ACTION ITEM -> Each line of the data below should be restated exactly, with images left out.

INFORMATION PROVIDED ->
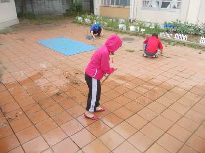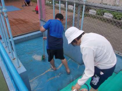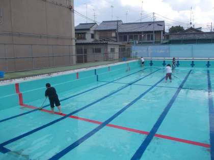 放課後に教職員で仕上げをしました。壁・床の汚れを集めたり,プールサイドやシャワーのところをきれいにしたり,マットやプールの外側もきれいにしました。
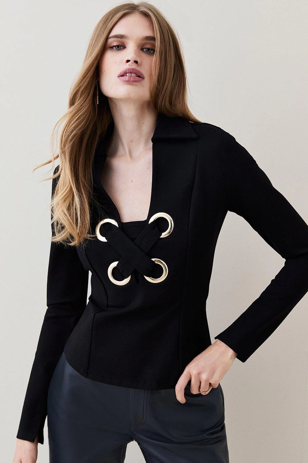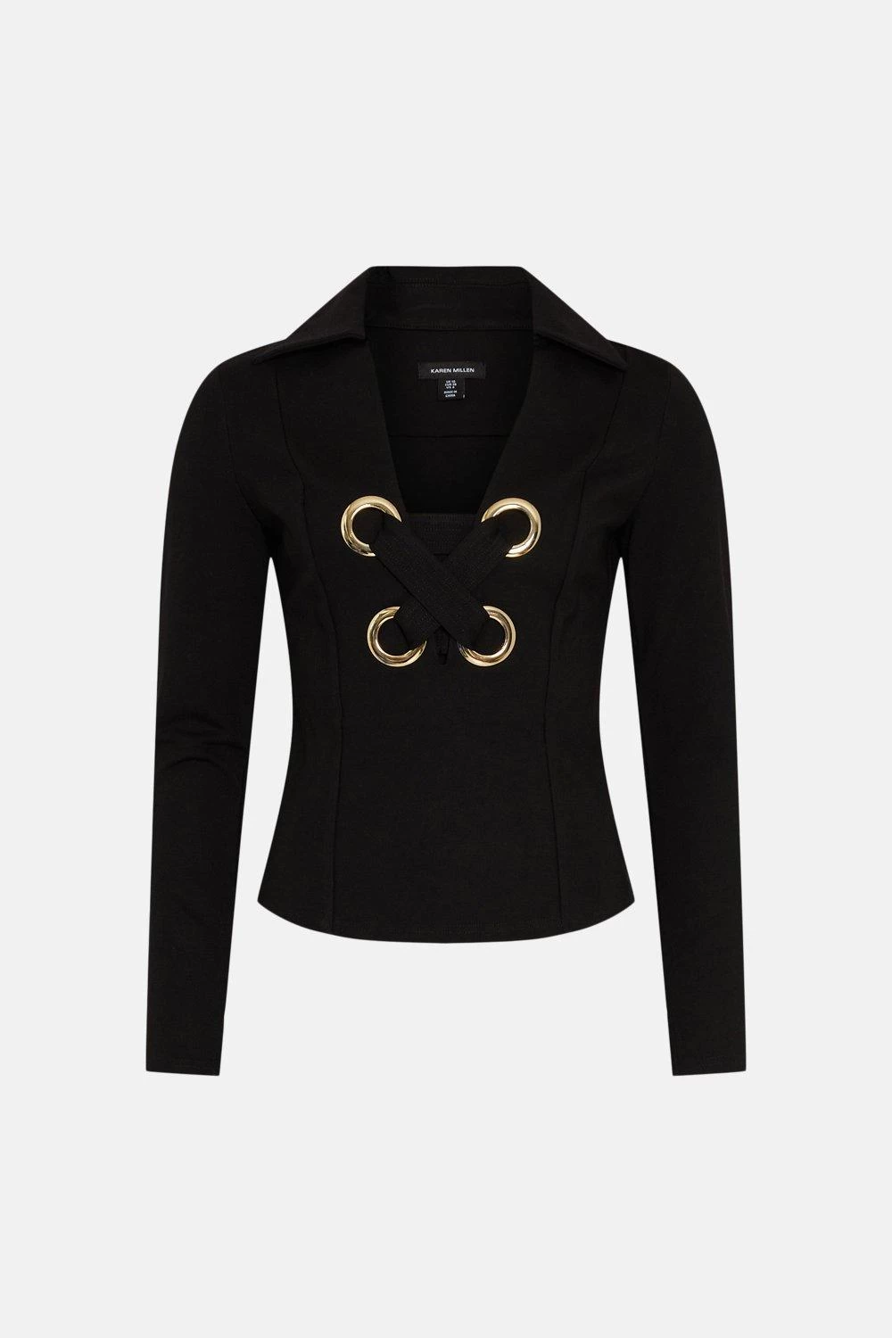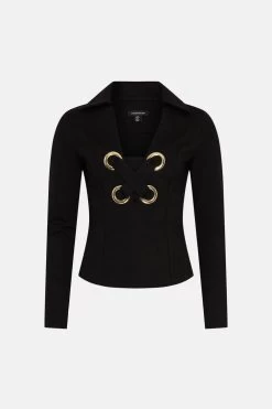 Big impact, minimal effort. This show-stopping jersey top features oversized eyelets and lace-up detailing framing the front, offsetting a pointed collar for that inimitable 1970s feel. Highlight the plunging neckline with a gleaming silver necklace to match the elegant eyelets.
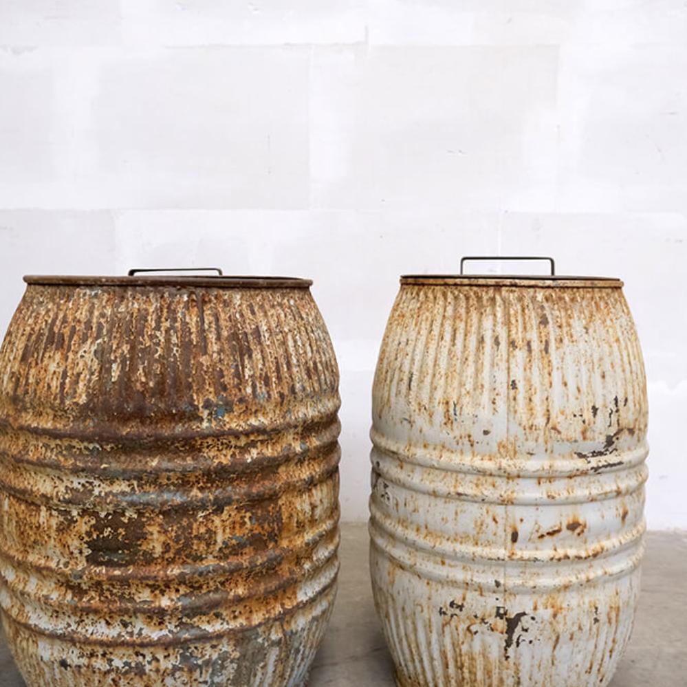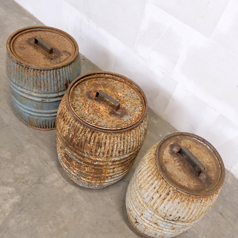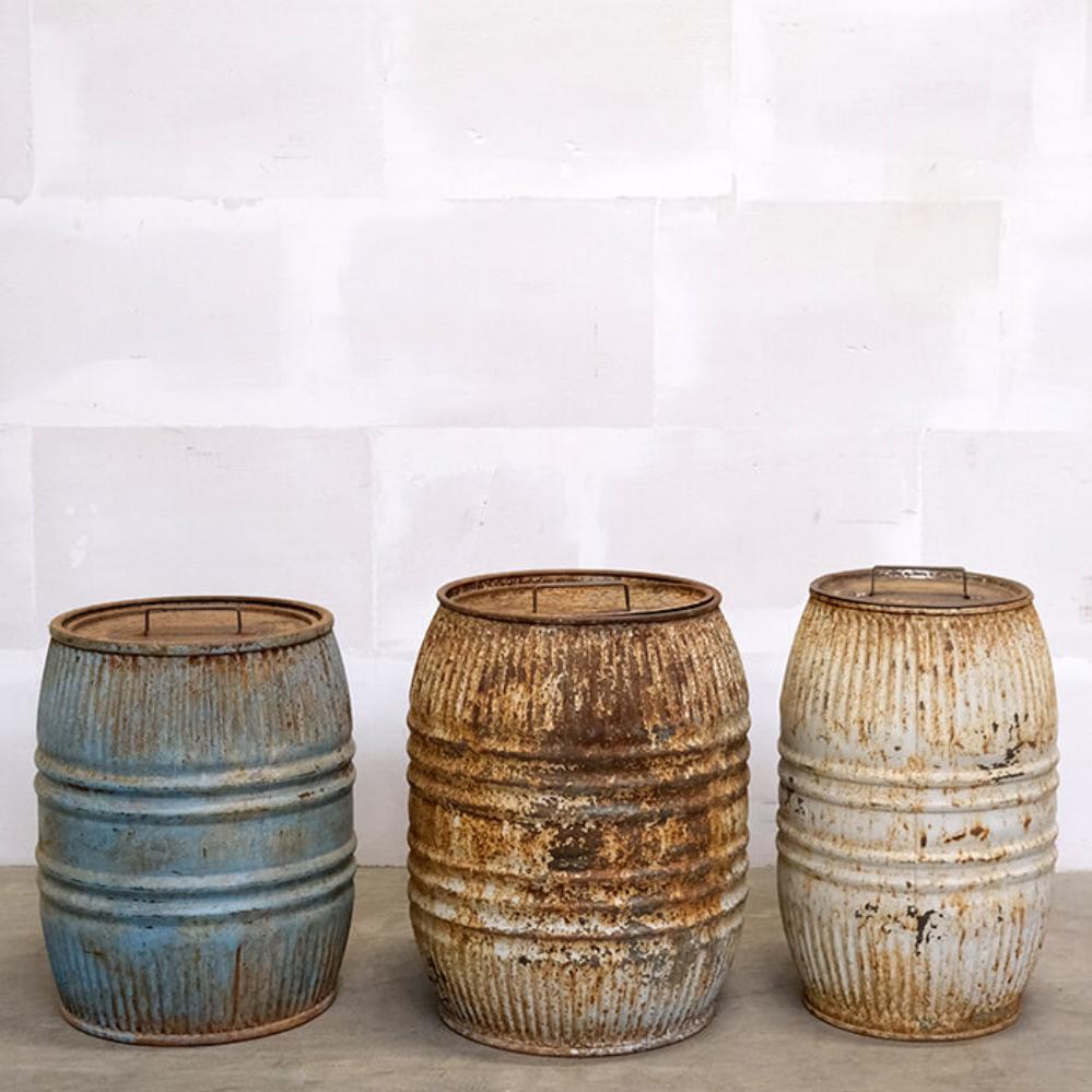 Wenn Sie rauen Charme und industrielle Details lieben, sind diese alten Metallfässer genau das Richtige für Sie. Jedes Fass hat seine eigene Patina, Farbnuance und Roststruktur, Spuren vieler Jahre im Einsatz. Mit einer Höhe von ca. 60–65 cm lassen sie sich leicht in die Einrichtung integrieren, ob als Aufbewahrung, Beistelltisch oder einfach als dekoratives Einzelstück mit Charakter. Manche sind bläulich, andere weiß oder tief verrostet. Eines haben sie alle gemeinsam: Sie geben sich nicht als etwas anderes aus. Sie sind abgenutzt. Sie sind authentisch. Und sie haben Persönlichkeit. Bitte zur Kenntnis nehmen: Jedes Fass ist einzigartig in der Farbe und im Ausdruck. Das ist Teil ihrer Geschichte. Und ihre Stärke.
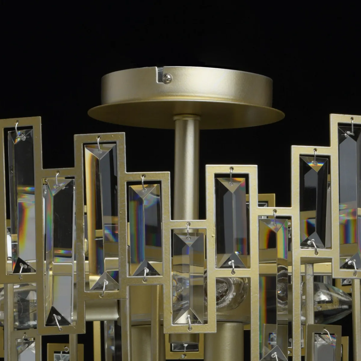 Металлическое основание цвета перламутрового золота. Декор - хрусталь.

RESULT OF THIS TASK ->
 放課後に教職員で仕上げをしました。壁・床の汚れを集めたり,プールサイドやシャワーのところをきれいにしたり,マットやプールの外側もきれいにしました。
 Big impact, minimal effort. This show-stopping jersey top features oversized eyelets and lace-up detailing framing the front, offsetting a pointed collar for that inimitable 1970s feel. Highlight the plunging neckline with a gleaming silver necklace to match the elegant eyelets.
 Wenn Sie rauen Charme und industrielle Details lieben, sind diese alten Metallfässer genau das Richtige für Sie. Jedes Fass hat seine eigene Patina, Farbnuance und Roststruktur, Spuren vieler Jahre im Einsatz. Mit einer Höhe von ca. 60–65 cm lassen sie sich leicht in die Einrichtung integrieren, ob als Aufbewahrung, Beistelltisch oder einfach als dekoratives Einzelstück mit Charakter. Manche sind bläulich, andere weiß oder tief verrostet. Eines haben sie alle gemeinsam: Sie geben sich nicht als etwas anderes aus. Sie sind abgenutzt. Sie sind authentisch. Und sie haben Persönlichkeit. Bitte zur Kenntnis nehmen: Jedes Fass ist einzigartig in der Farbe und im Ausdruck. Das ist Teil ihrer Geschichte. Und ihre Stärke.
 Металлическое основание цвета перламутрового золота. Декор - хрусталь.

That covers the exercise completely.